» **WORK INSTRUCTIONS**: Reproduce verbatim the lines of the material below, starting at the line with "På tagterrassen venter" and ending at the line with "Pour connaître les", both inclusive; skip the rest.

» **INFORMATION PROVIDED**:
○ ○ ○ ○

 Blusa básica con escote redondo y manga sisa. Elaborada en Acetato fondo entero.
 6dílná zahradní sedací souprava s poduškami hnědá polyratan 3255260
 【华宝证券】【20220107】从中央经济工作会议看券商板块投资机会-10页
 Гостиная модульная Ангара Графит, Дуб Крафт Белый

○ ○ ○ ○

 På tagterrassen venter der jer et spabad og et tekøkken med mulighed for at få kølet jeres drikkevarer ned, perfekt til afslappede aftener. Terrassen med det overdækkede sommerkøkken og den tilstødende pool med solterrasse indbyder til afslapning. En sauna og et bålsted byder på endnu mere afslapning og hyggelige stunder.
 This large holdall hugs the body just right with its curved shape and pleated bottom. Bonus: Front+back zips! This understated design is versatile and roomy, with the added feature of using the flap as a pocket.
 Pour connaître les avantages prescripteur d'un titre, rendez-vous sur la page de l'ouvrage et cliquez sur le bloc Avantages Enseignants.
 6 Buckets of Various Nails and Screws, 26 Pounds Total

○ ○ ○ ○

» **RESULT OF THIS EXERCISE**:
 På tagterrassen venter der jer et spabad og et tekøkken med mulighed for at få kølet jeres drikkevarer ned, perfekt til afslappede aftener. Terrassen med det overdækkede sommerkøkken og den tilstødende pool med solterrasse indbyder til afslapning. En sauna og et bålsted byder på endnu mere afslapning og hyggelige stunder.
 This large holdall hugs the body just right with its curved shape and pleated bottom. Bonus: Front+back zips! This understated design is versatile and roomy, with the added feature of using the flap as a pocket.
 Pour connaître les avantages prescripteur d'un titre, rendez-vous sur la page de l'ouvrage et cliquez sur le bloc Avantages Enseignants.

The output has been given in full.